◆ **Your task**
Output all of the data below without changing a word, and exclude the pictures.

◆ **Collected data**
=== Begin Enclosure ===

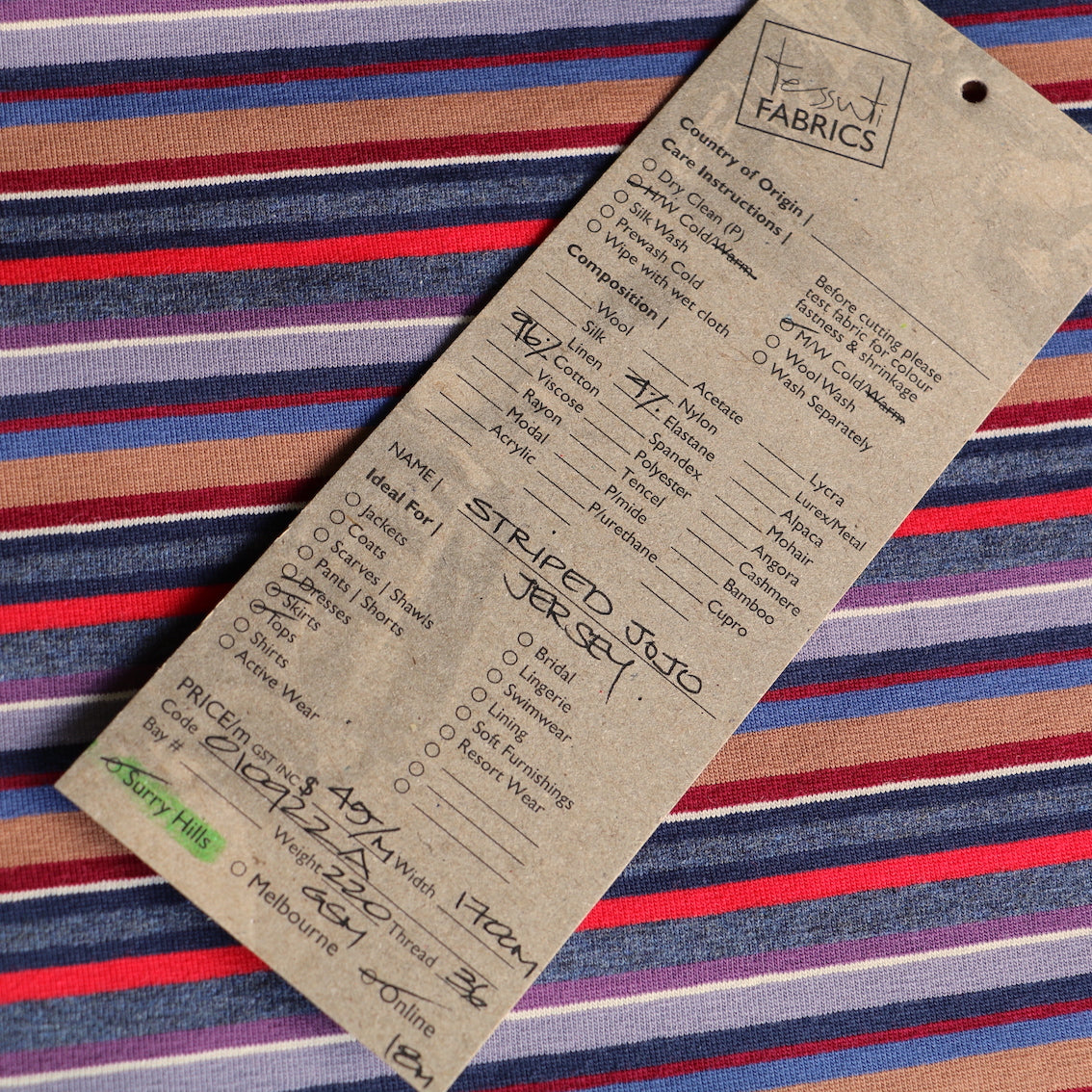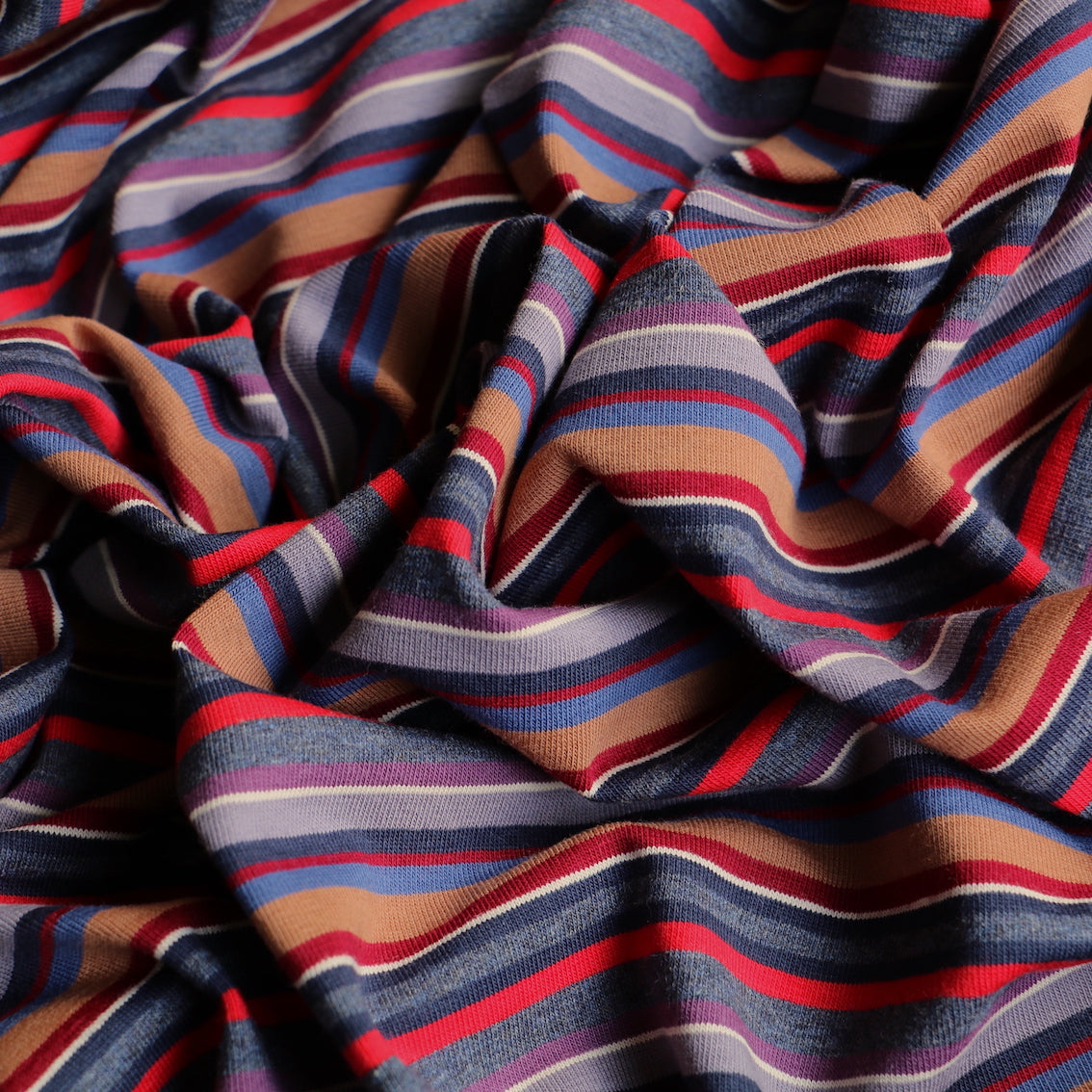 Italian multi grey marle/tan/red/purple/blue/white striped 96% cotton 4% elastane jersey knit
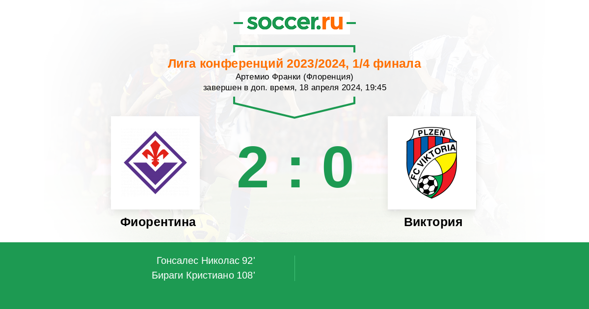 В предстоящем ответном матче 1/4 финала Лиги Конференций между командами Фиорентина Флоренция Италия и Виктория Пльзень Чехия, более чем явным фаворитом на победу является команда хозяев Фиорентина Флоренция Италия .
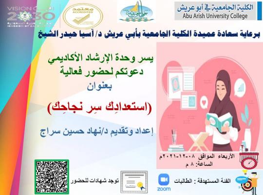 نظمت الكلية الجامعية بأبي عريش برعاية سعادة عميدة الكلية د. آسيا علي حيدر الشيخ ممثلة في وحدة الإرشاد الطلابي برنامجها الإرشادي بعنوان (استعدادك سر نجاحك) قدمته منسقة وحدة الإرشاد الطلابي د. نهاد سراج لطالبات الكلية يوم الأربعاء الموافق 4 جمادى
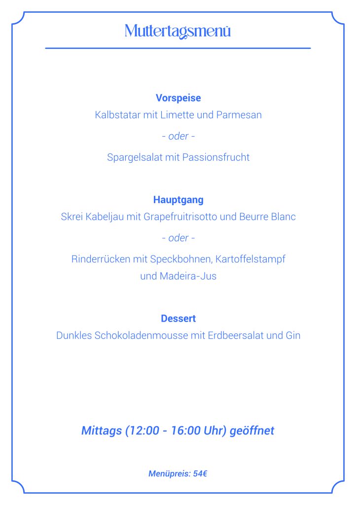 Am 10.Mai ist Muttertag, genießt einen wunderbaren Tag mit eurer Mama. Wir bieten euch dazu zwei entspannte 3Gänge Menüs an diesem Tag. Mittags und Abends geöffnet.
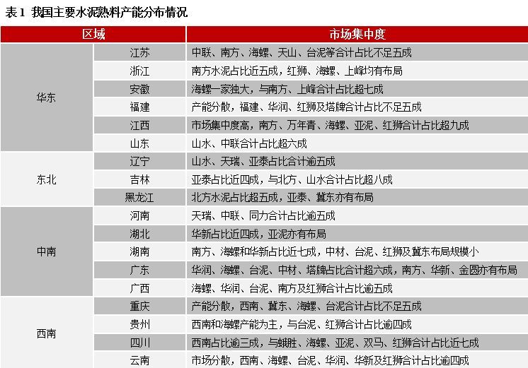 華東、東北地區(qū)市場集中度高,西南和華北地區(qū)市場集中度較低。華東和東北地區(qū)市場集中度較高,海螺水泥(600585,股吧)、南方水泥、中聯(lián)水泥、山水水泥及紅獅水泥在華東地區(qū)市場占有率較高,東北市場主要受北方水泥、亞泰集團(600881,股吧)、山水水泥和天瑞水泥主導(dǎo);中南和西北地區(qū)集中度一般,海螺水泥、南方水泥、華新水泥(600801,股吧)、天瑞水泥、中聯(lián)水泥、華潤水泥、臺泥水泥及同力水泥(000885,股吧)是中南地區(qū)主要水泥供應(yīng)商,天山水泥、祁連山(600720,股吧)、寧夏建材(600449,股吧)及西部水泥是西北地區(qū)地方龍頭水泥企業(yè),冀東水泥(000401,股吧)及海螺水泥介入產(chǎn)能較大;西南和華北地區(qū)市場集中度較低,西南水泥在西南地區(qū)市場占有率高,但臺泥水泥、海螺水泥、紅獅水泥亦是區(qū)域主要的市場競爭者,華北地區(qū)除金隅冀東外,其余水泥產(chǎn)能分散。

=== End Enclosure ===

◆ **Result of the exercise**
 Italian multi grey marle/tan/red/purple/blue/white striped 96% cotton 4% elastane jersey knit
 В предстоящем ответном матче 1/4 финала Лиги Конференций между командами Фиорентина Флоренция Италия и Виктория Пльзень Чехия, более чем явным фаворитом на победу является команда хозяев Фиорентина Флоренция Италия .
 نظمت الكلية الجامعية بأبي عريش برعاية سعادة عميدة الكلية د. آسيا علي حيدر الشيخ ممثلة في وحدة الإرشاد الطلابي برنامجها الإرشادي بعنوان (استعدادك سر نجاحك) قدمته منسقة وحدة الإرشاد الطلابي د. نهاد سراج لطالبات الكلية يوم الأربعاء الموافق 4 جمادى
 Am 10.Mai ist Muttertag, genießt einen wunderbaren Tag mit eurer Mama. Wir bieten euch dazu zwei entspannte 3Gänge Menüs an diesem Tag. Mittags und Abends geöffnet.
 華東、東北地區(qū)市場集中度高,西南和華北地區(qū)市場集中度較低。華東和東北地區(qū)市場集中度較高,海螺水泥(600585,股吧)、南方水泥、中聯(lián)水泥、山水水泥及紅獅水泥在華東地區(qū)市場占有率較高,東北市場主要受北方水泥、亞泰集團(600881,股吧)、山水水泥和天瑞水泥主導(dǎo);中南和西北地區(qū)集中度一般,海螺水泥、南方水泥、華新水泥(600801,股吧)、天瑞水泥、中聯(lián)水泥、華潤水泥、臺泥水泥及同力水泥(000885,股吧)是中南地區(qū)主要水泥供應(yīng)商,天山水泥、祁連山(600720,股吧)、寧夏建材(600449,股吧)及西部水泥是西北地區(qū)地方龍頭水泥企業(yè),冀東水泥(000401,股吧)及海螺水泥介入產(chǎn)能較大;西南和華北地區(qū)市場集中度較低,西南水泥在西南地區(qū)市場占有率高,但臺泥水泥、海螺水泥、紅獅水泥亦是區(qū)域主要的市場競爭者,華北地區(qū)除金隅冀東外,其余水泥產(chǎn)能分散。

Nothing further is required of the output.